Large-Scale Multiobjective Optimization via Reformulated Decision Variable Analysis

With the rising number of large-scale multiobjective optimization problems (LSMOPs) from academia and industries, some multiobjective evolutionary algorithms (MOEAs) with different decision variable handling strategies have been proposed. Decision variable analysis (DVA) is widely used in large-scale optimization, aiming at identifying the connection between each decision variable and the objectives, and grouping those interacting decision variables to reduce the complexity of LSMOPs. Despite their effectiveness, existing DVA techniques require the unbearable cost of function evaluations for solving LSMOPs. We propose a reformulation-based approach for efficient DVA to address this deficiency.

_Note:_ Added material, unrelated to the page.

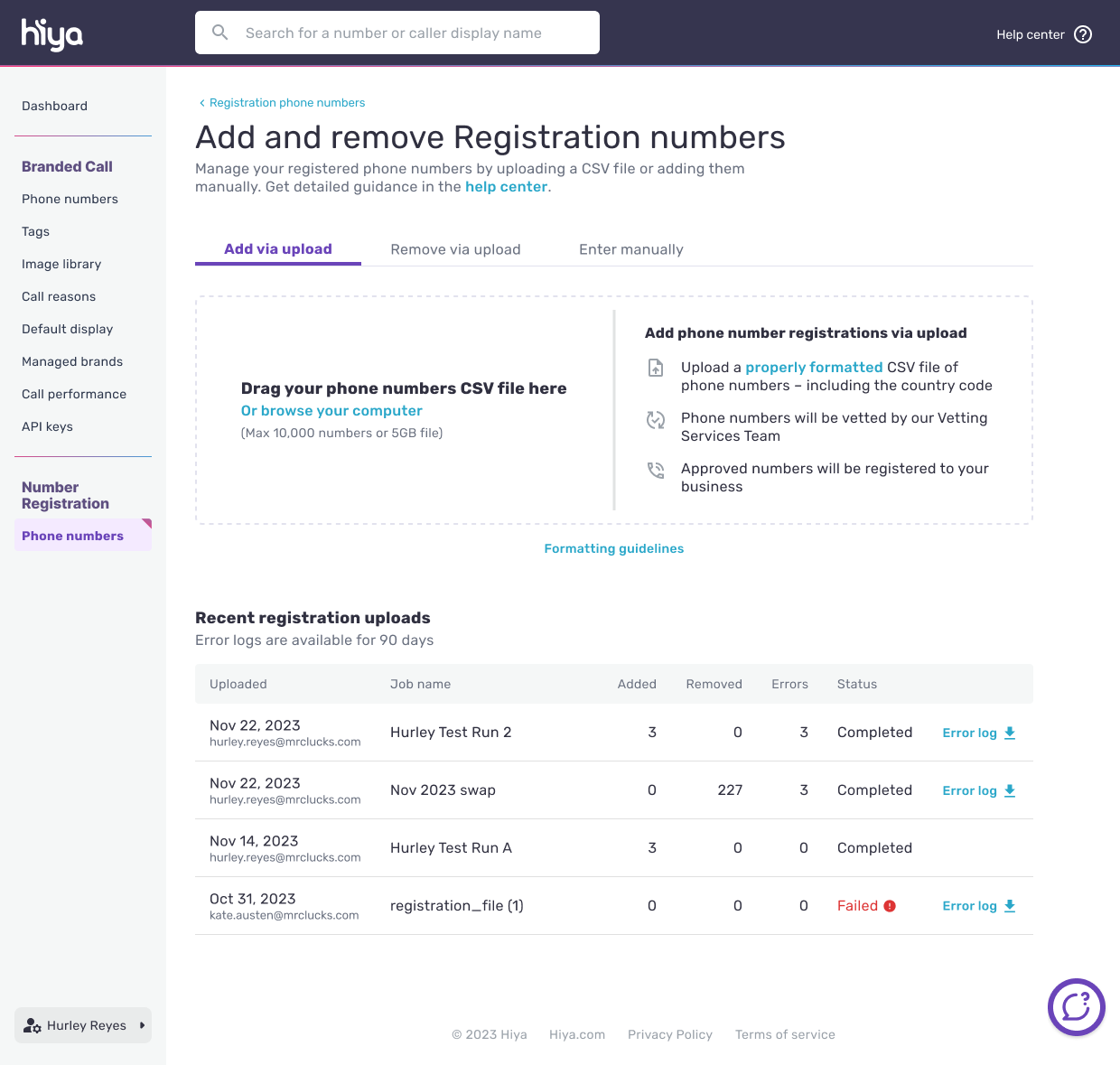 A business can register phone numbers under the Number Registration section of the console. Hiya recommends registering all phone numbers in use by your business, regardless of the purpose of their phone calls. Phone numbers can either be registered via uploading a file or by entering them manually.

Then a large-scale MOEA is proposed based on reformulated DVA, namely, LERD. Specifically, the DVA process is reformulated into an optimization problem with binary decision variables, aiming to approximate different grouping results. Afterwards, each group of decision variables is used for convergence-related or diversity-related optimization. The effectiveness and efficiency of the reformulation-based DVA are validated by replacing the corresponding DVA techniques in two large-scale MOEAs. Experiments in comparison with six state-of-the-art large-scale MOEAs on LSMOPs with up to 2000 decision variables have shown the promising performance of LERD.